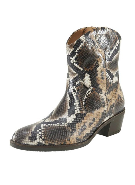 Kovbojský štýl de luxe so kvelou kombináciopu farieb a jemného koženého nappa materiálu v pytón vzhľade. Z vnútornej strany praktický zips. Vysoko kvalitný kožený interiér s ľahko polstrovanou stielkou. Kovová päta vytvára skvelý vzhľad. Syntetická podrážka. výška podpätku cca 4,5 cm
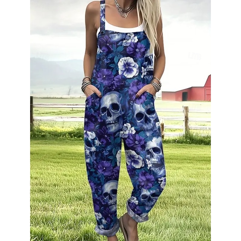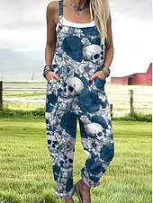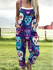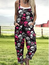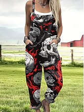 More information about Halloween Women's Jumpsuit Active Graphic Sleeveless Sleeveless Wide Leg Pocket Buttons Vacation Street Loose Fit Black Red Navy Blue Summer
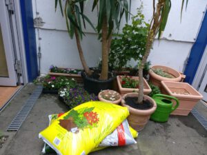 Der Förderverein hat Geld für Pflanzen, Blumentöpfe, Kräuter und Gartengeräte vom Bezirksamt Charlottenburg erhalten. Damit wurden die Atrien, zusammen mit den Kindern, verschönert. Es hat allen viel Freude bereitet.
===
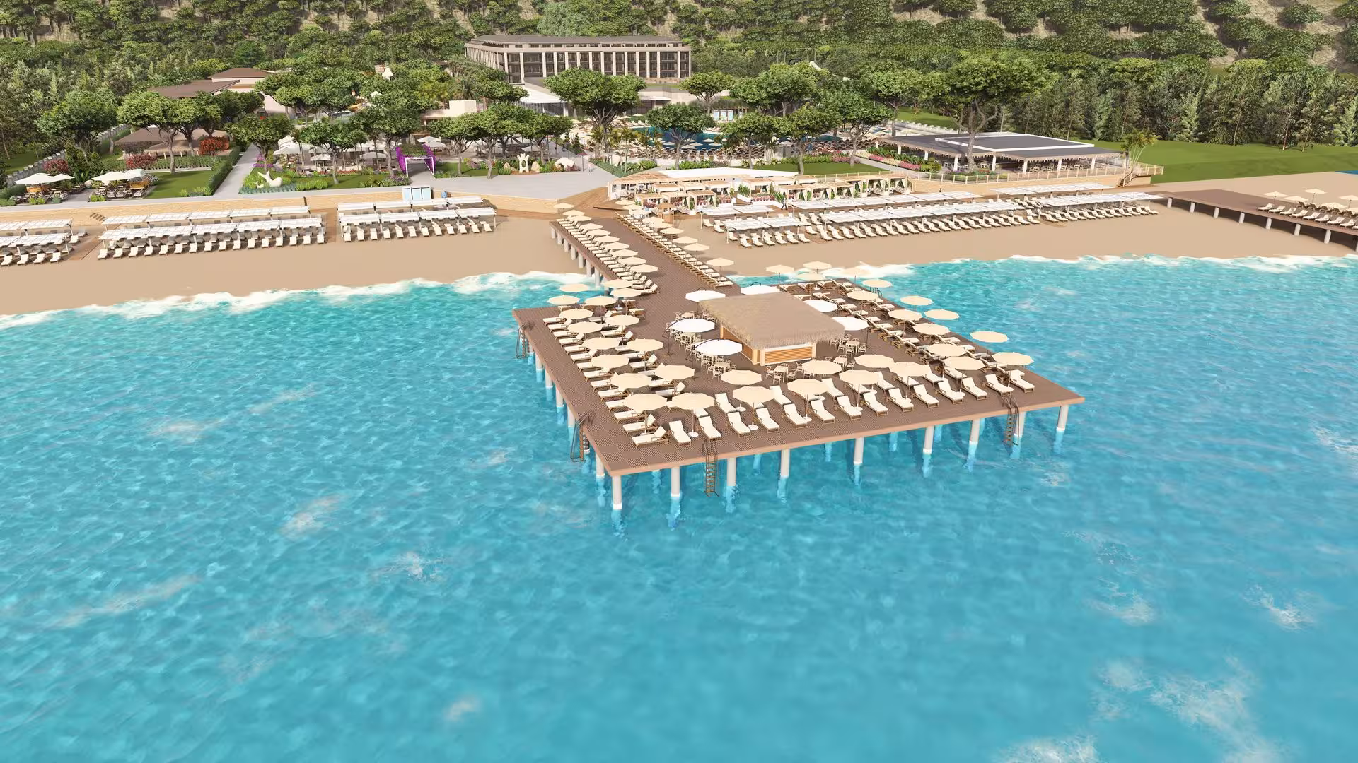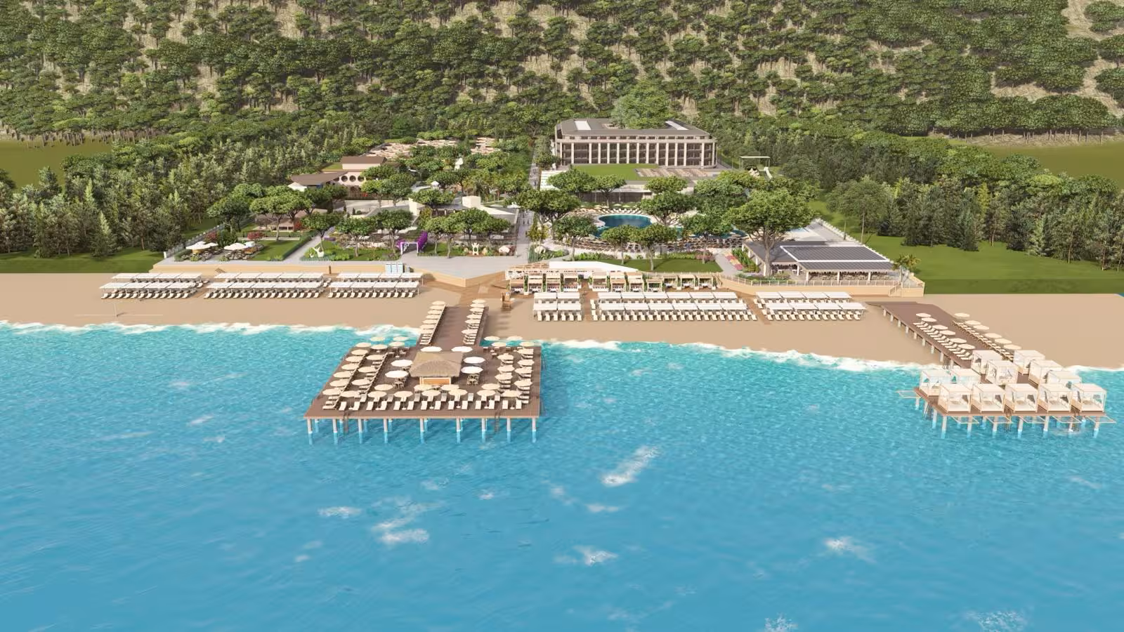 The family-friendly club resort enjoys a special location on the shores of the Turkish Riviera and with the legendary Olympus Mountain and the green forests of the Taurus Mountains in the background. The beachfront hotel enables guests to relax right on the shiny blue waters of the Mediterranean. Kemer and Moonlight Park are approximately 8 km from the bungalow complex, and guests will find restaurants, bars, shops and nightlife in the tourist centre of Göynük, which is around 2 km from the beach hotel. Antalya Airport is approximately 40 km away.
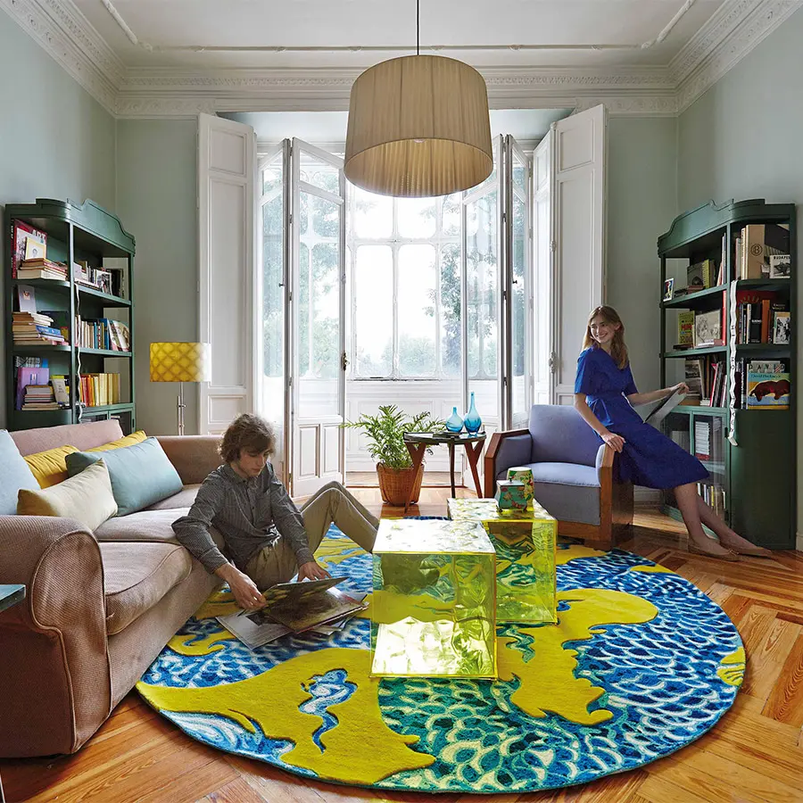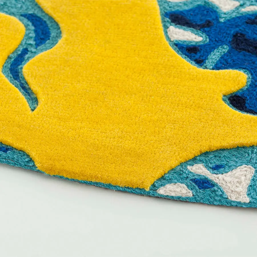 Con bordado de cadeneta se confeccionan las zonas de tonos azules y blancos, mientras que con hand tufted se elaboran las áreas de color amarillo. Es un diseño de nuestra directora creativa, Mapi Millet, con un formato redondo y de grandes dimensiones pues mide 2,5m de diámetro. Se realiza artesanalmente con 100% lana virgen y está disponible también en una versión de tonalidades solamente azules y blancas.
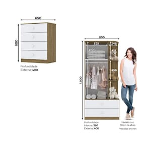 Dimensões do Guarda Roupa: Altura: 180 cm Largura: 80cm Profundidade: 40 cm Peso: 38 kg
===
- _TASK PROMPT_
Both the line containing "Kovbojský štýl de" and the line containing "Der Förderverein hat" above belong in the output, as do the lines between them. Print them exactly, without pictures.

- _OUTPUT OF THE TASK_
 Kovbojský štýl de luxe so kvelou kombináciopu farieb a jemného koženého nappa materiálu v pytón vzhľade. Z vnútornej strany praktický zips. Vysoko kvalitný kožený interiér s ľahko polstrovanou stielkou. Kovová päta vytvára skvelý vzhľad. Syntetická podrážka. výška podpätku cca 4,5 cm
 More information about Halloween Women's Jumpsuit Active Graphic Sleeveless Sleeveless Wide Leg Pocket Buttons Vacation Street Loose Fit Black Red Navy Blue Summer
 Der Förderverein hat Geld für Pflanzen, Blumentöpfe, Kräuter und Gartengeräte vom Bezirksamt Charlottenburg erhalten. Damit wurden die Atrien, zusammen mit den Kindern, verschönert. Es hat allen viel Freude bereitet.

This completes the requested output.